Segment Start: Records supplied

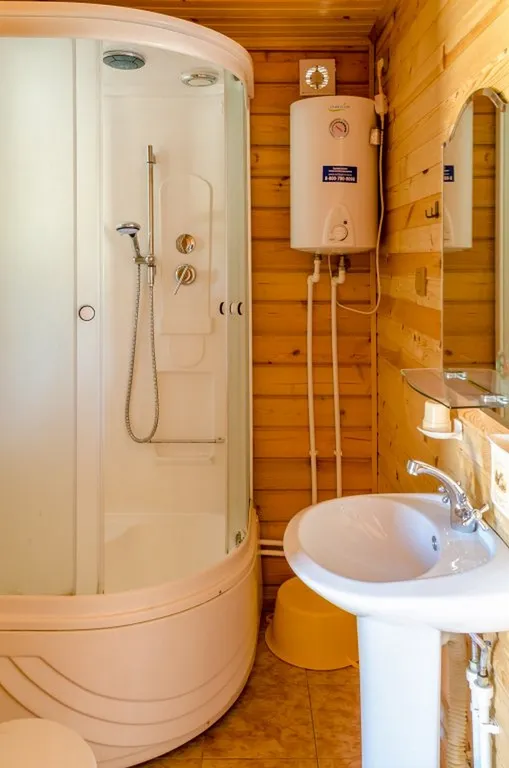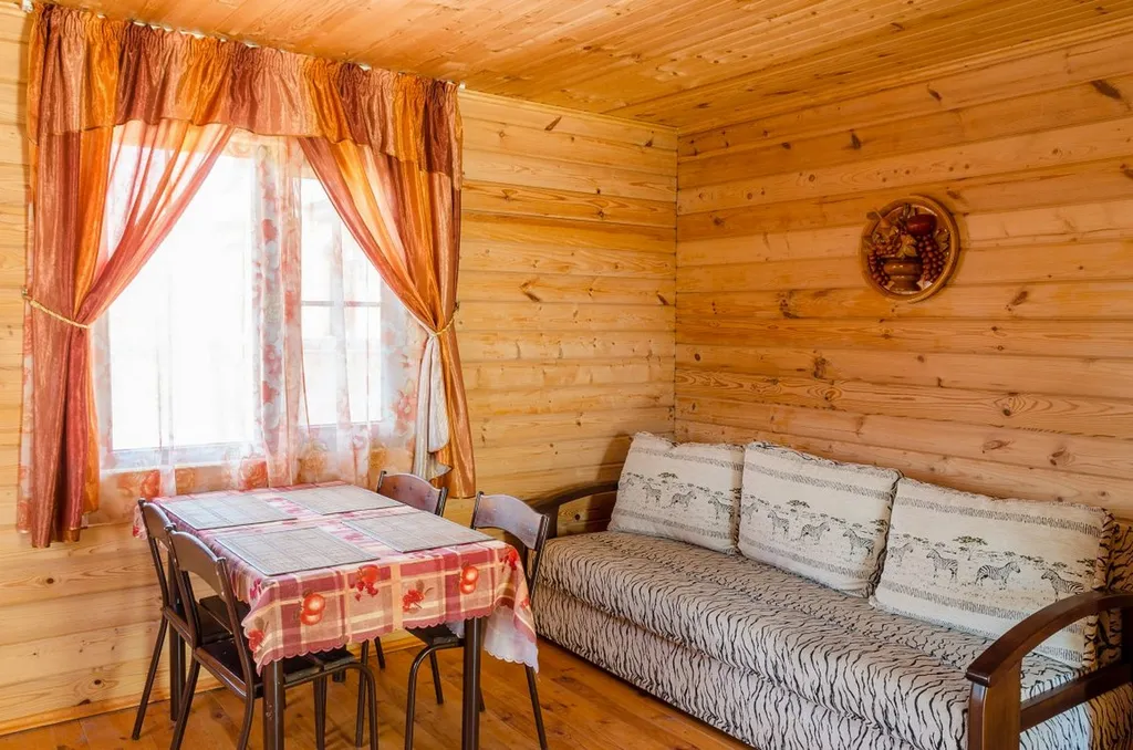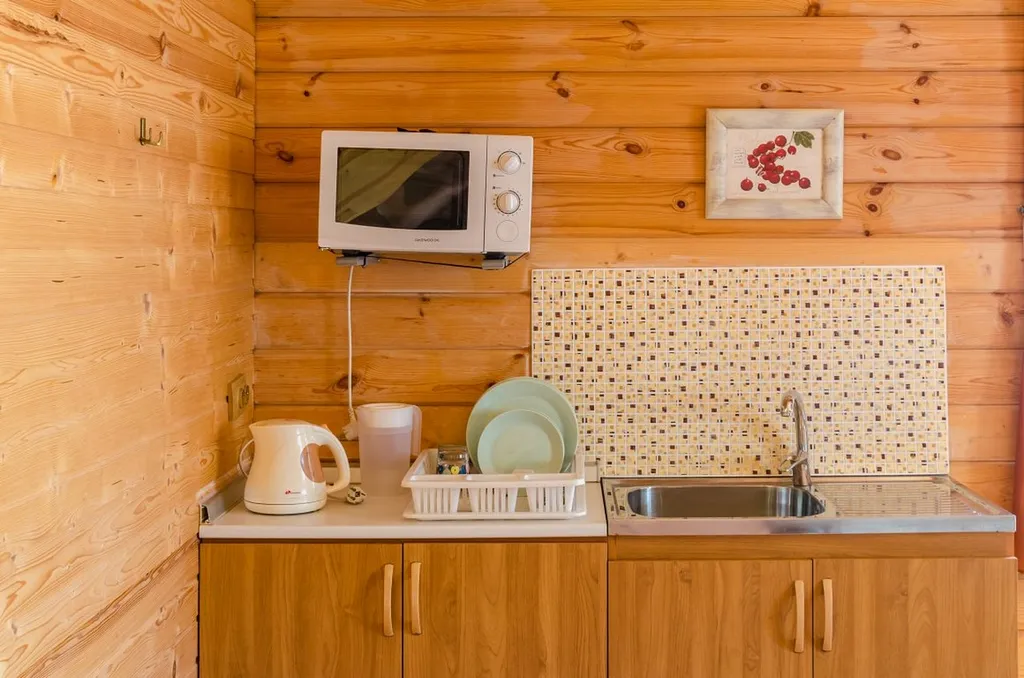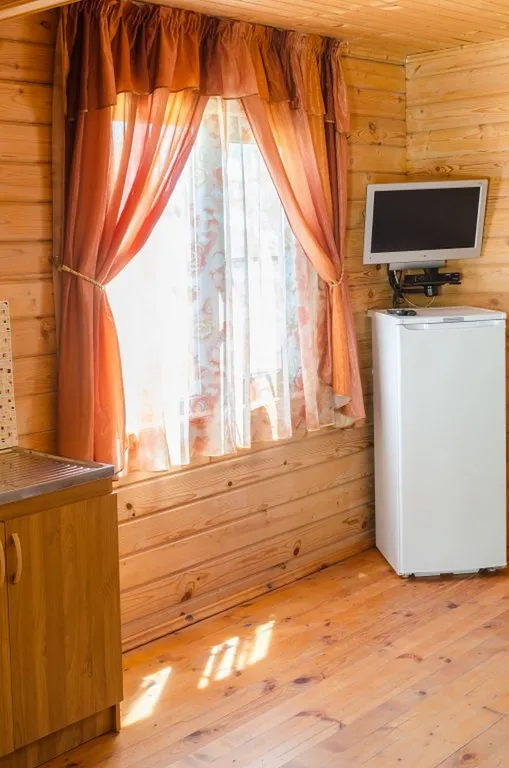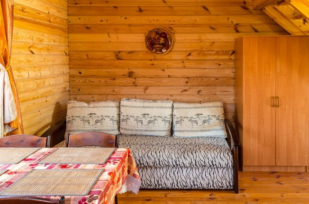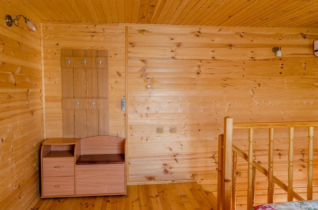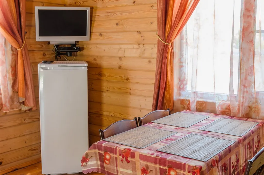 На первом уровне гостиная: мини-кухня с микроволновой печью и эл.чайником, холодильник, посуда. Диван-кровать, шкаф для одежды, ванная комната с душевой кабиной. ТВ (телекарта), обеденный стол со стульями.
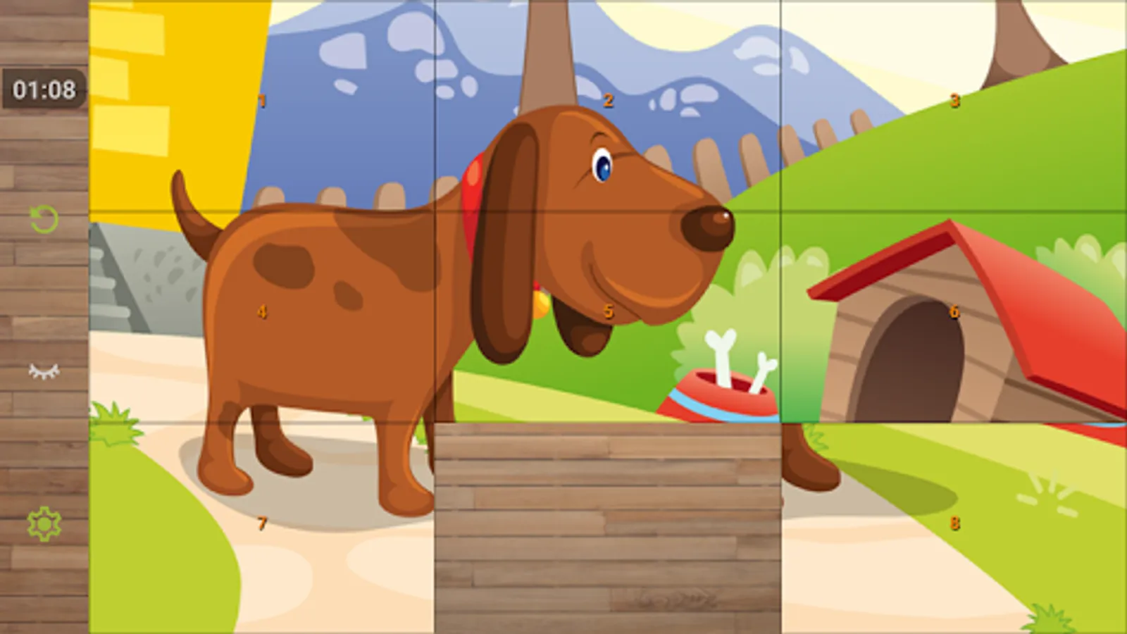 Most children usually learn the name of domestic animals in their direct surrounding, like cat or dog, in these free puzzles for kids you will also learn names of wildlife and zoo animals. The slide puzzle game is a logic game; these logical thinking puzzles are also perfect brain exercises for kids.
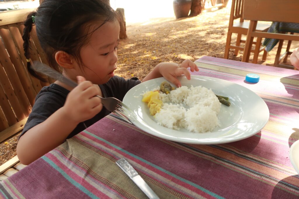 Traveling with a baby brings out the generosity of locals. When we asked for a small plate for Sweetie, the owner kindly brought over a bowl of rice, smiling warmly. Without speaking the same language, he gestured to Sweetie and placed his hand over his heart โ a universal expression of kindness.
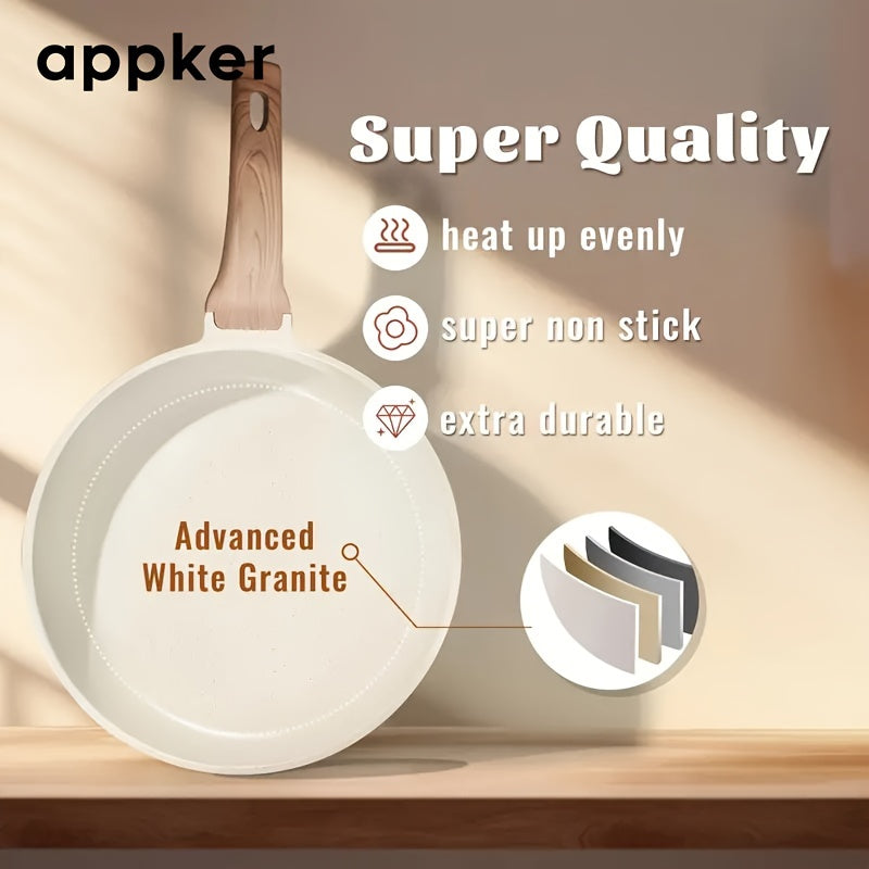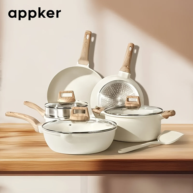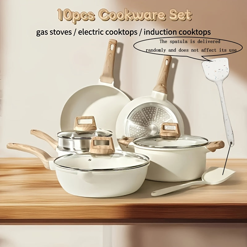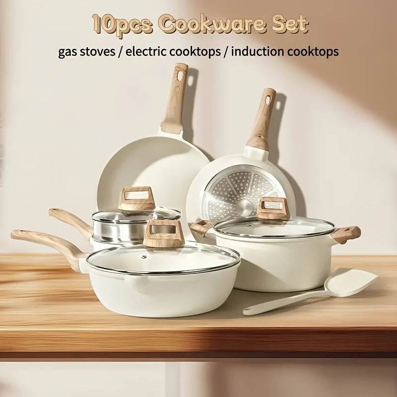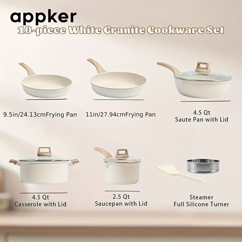 10 ta bo'lakli yopishmaydigan oq granit idishlar to'plami, qovurilgan panjara va qopqog'lar bilan
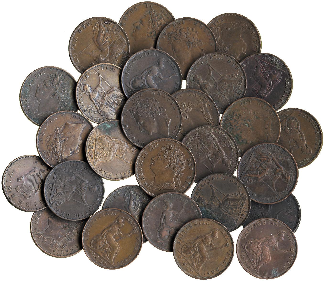 BRITISH COINS. MISCELLANEOUS. George III and William IV, British and Irish Farthings (28), 1806 (Hib), 1806, 1821, 1822 (7), 1823 (3), 1825 (2), 1826 (LH), 1826 (BH – 7), 1828, 1829, 1830 (2), 1836. Fine to good very fine. (28)
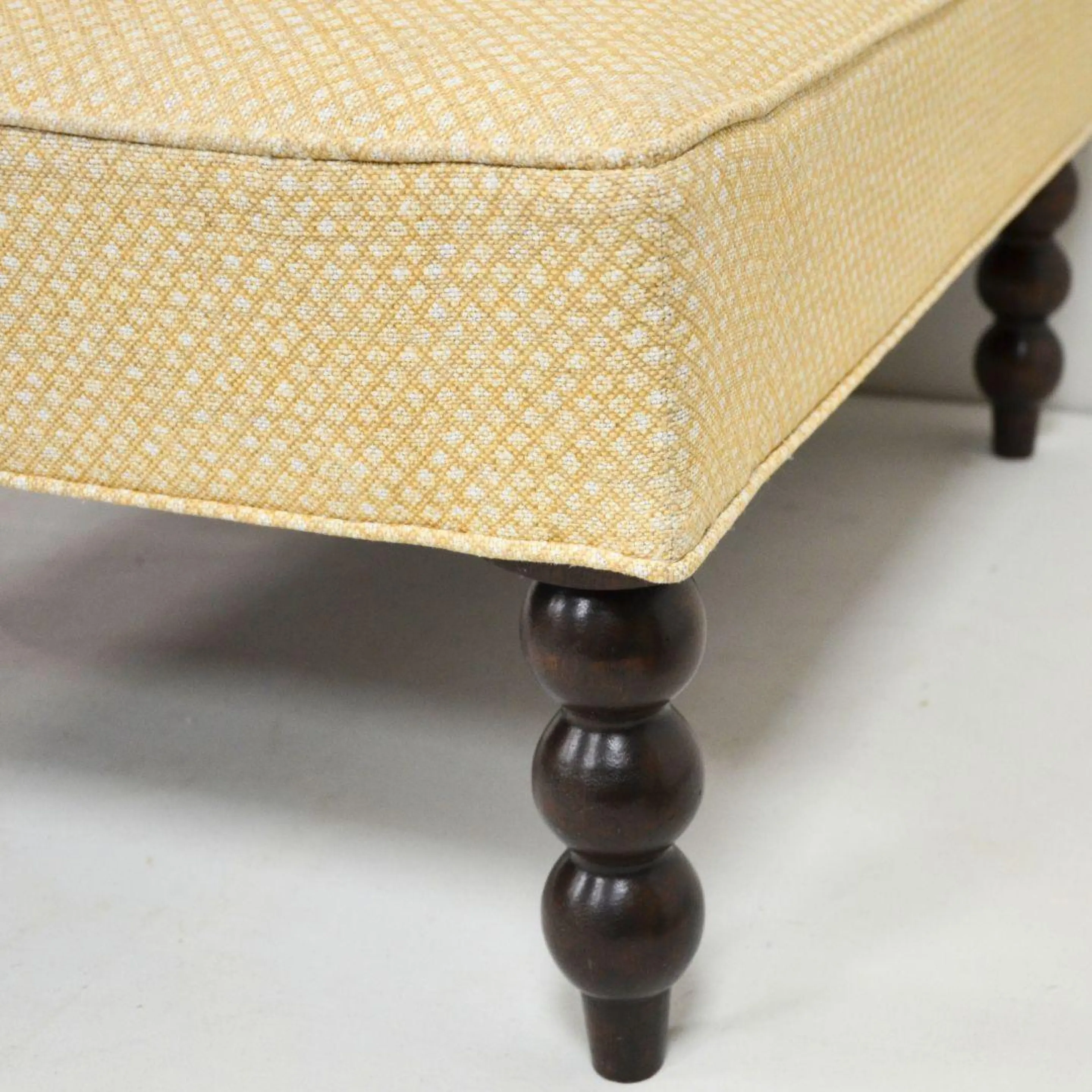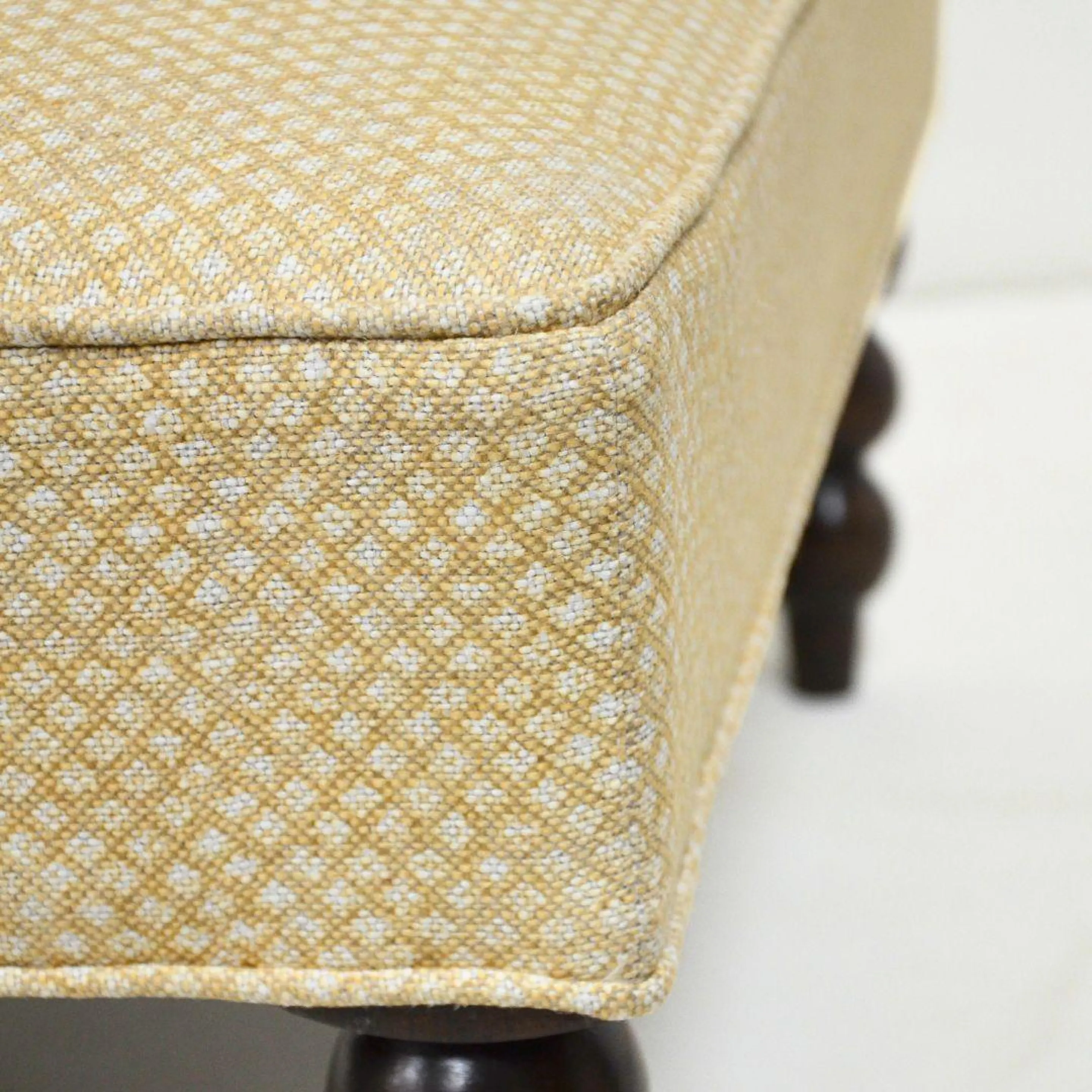 Ottoman with Carved Wooden Legs Recovered in a Printed Fabric. The small scale, light yellow pattern complement the dark wooden legs perfectly, making this piece a great option for extra seating or to double up as a coffee table.
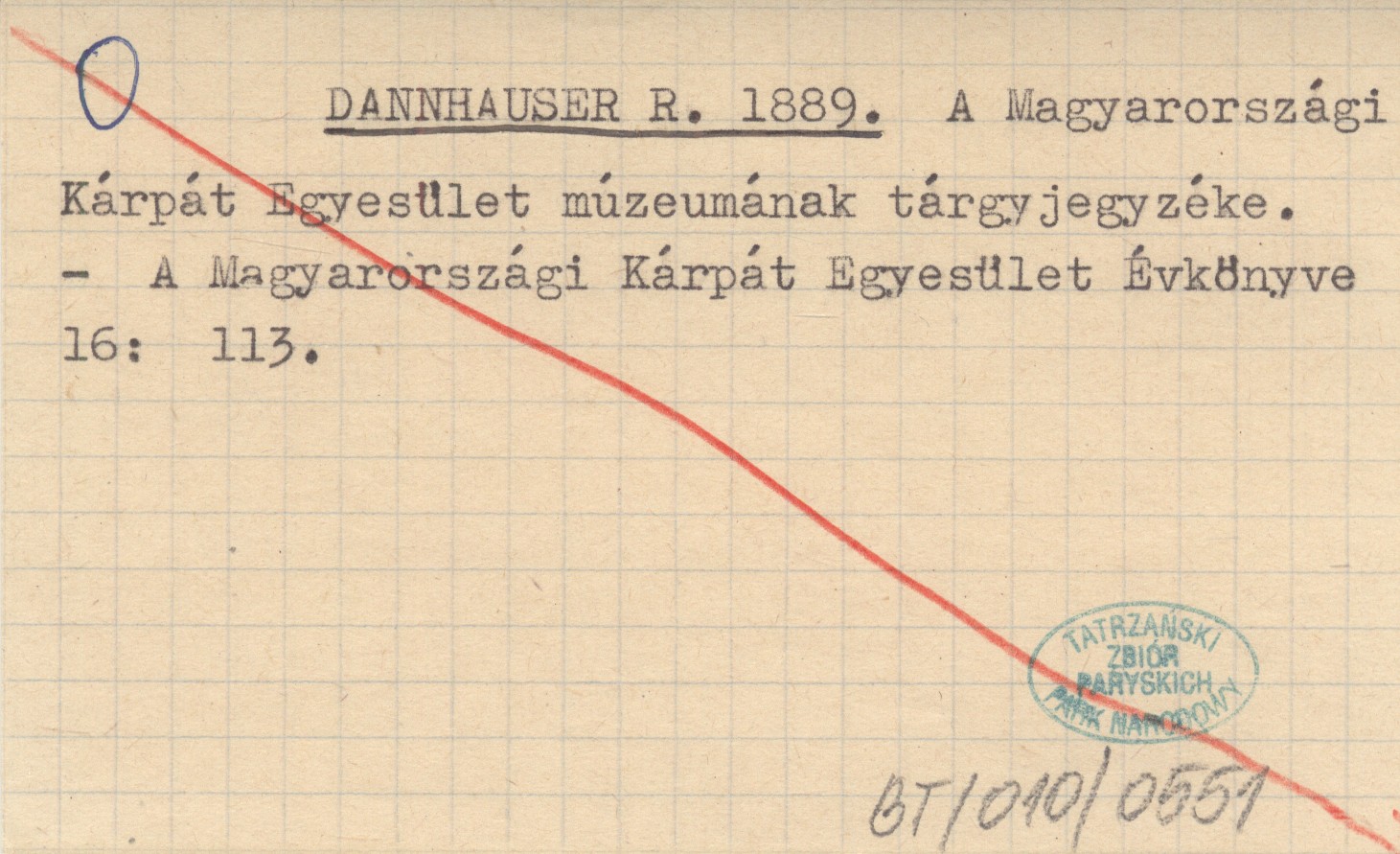 DANNHAUSER R. 1889 A Magyarországi Kárpát Egyesület múzeumának tárgyjegyzéke.
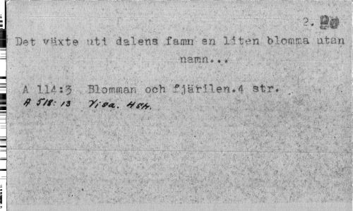 //// i //// } Det växte ut t dalens famn en liten blomma utan I namn..« //// | A 114:3 Blomman och fjärilen.4 str. . //// i r/t: /s ¦ ////
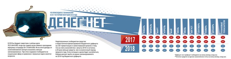 Как отмечает Роман Шпек, напряженная ситуация с доходами вместе со слабым финансированием бюджетного дефицита привела к сокращению ликвидности государственной казны: если год назад на едином казначейском счете находилось 44 млрд грн, то в конце июля 2018-го — только около 2 млрд грн. Это минимальный показатель за 4,5 года, с революционного января 2014-го.

Segment End: Records supplied

What is required:
With the pictures removed, write out exactly the lines from the line containing "Traveling with a" through the last line of the material above, both included.

Response area:
 Traveling with a baby brings out the generosity of locals. When we asked for a small plate for Sweetie, the owner kindly brought over a bowl of rice, smiling warmly. Without speaking the same language, he gestured to Sweetie and placed his hand over his heart โ a universal expression of kindness.
 10 ta bo'lakli yopishmaydigan oq granit idishlar to'plami, qovurilgan panjara va qopqog'lar bilan
 BRITISH COINS. MISCELLANEOUS. George III and William IV, British and Irish Farthings (28), 1806 (Hib), 1806, 1821, 1822 (7), 1823 (3), 1825 (2), 1826 (LH), 1826 (BH – 7), 1828, 1829, 1830 (2), 1836. Fine to good very fine. (28)
 Ottoman with Carved Wooden Legs Recovered in a Printed Fabric. The small scale, light yellow pattern complement the dark wooden legs perfectly, making this piece a great option for extra seating or to double up as a coffee table.
 DANNHAUSER R. 1889 A Magyarországi Kárpát Egyesület múzeumának tárgyjegyzéke.
 //// i //// } Det växte ut t dalens famn en liten blomma utan I namn..« //// | A 114:3 Blomman och fjärilen.4 str. . //// i r/t: /s ¦ ////
 Как отмечает Роман Шпек, напряженная ситуация с доходами вместе со слабым финансированием бюджетного дефицита привела к сокращению ликвидности государственной казны: если год назад на едином казначейском счете находилось 44 млрд грн, то в конце июля 2018-го — только около 2 млрд грн. Это минимальный показатель за 4,5 года, с революционного января 2014-го.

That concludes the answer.